Signal translation in Starnix

This page describes how Starnix translates Zircon exceptions and signals into Linux signals for unmodified Linux programs.

Motivation

Linux programs rely on signals for asynchronous notifications (for example, SIGALRM, SIGCHLD) and error handling (such as SIGSEGV, SIGCHLD). Because Starnix runs Linux programs in Zircon processes, it must bridge the gap between Zircon's event model and Linux's signal model.

For more information on the motivation behind signal translation and the Starnix design philosophy, see As she is spoke.

Signal Flow

The lifecycle of a signal in Starnix can be grouped into three distinct phases:

  1. Delivery
  2. Processing
  3. Execution

The three phases of Starnix signal flow: Delivery, Processing, and Execution

Delivery

Signal delivery in Starnix requires bridging Zircon's exception-handling mechanisms with Linux signal paradigms. Starnix intercepts events and ensures they reach the correct destination task as a Linux signal.

Delivery can be triggered from several distinct sources:

  • Zircon Exceptions: The most complex path involves hardware faults. When a Linux thread executing in restricted mode triggers a CPU exception (such as a segmentation fault or a division by zero error), Zircon traps this violation and routes it back into the Starnix kernel via a restricted exit code.
  • Internal State Transitions: Starnix continuously monitors the execution environment. Internal components, such as the timer subsystem or process management services, frequently trigger signals autonomously based on state changes (for example, a timer expiration triggering a SIGALRM, or a child process exiting triggering a SIGCHLD).
  • Syscalls: Tasks can explicitly request signal delivery to other processes or thread groups by making direct system calls like kill(2) or tgkill(2).

Processing

Once a signal is successfully delivered and appended to a task's pending queue, the kernel must determine what to do with it. This occurs during the processing phase, where Starnix evaluates the task's registered Signal Action.

Tasks define these actions during runtime using rt_sigaction(2). Depending on the configuration, Starnix will execute one of three distinct paths:

  • Ignore: The signal is safely discarded without interrupting the thread's execution flow.
  • Default Action: If no custom handler is defined, Starnix executes the Linux default resolution for that specific signal. This could mean silently terminating the process, generating a core dump for debugging, pausing execution, or simply continuing.
  • Custom Handler: If the application has registered a specific function to handle the signal, Starnix must prepare the thread's user-space stack to safely interrupt the current workload and context-switch into the custom handler routine.

Execution

When a custom handler is required, Starnix does the following things:

  1. State Preservation: It first extracts and preserves the thread's current, interrupted register state and saves it onto the thread's user-space stack.
  2. Sigframe Construction: It then constructs a sigframe data structure around this saved state on the stack. This frame holds all the necessary context to resume the thread later.
  3. Redirection: With the backup saved, Starnix modifies the thread's instruction pointer, redirecting it to the memory address of the application's registered signal handler function.
  4. Resumption: Finally, Starnix yields control back to the thread, resuming execution in restricted mode. The thread "wakes up" inside the handler.

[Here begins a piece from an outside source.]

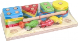 Questo puzzle in legno offre due giochi diversi che sostengono la pazienza e la concentrazione nei vostri bambini. La prima parte è composta da forme geometriche nei colori di base, che devono essere posizionate correttamente nei fori. La seconda parte porta divertimento con la pesca dei pesciolini colorati con una canna magnetica. Entrambi i giochi contribuiscono allo sviluppo della motricità fine e della coordinazione occhio-mano.

The following syscalls are the primary interfaces used by tasks to configure and trigger the signal flow described above:

rt_sigaction(2)

Tasks use this syscall to register custom actions for specific signals. Starnix maintains this mapping within the Task structure, evaluating it during the Processing phase to determine whether a signal should be ignored, default-handled, or routed to a user-space execution handler.

rt_sigreturn(2)

When a user-space signal handler finishes executing, it calls rt_sigreturn. Starnix uses this signal to conclude the Execution phase. It reads the sigframe previously pushed onto the stack, restores the thread's original interrupted state, and seamlessly resumes normal operation.

kill(2)

This syscall allows tasks to proactively send signals to other processes. Starnix validates the necessary permissions and acts as the event source for the Delivery phase, appending the requested signal to the target process's pending signal queue.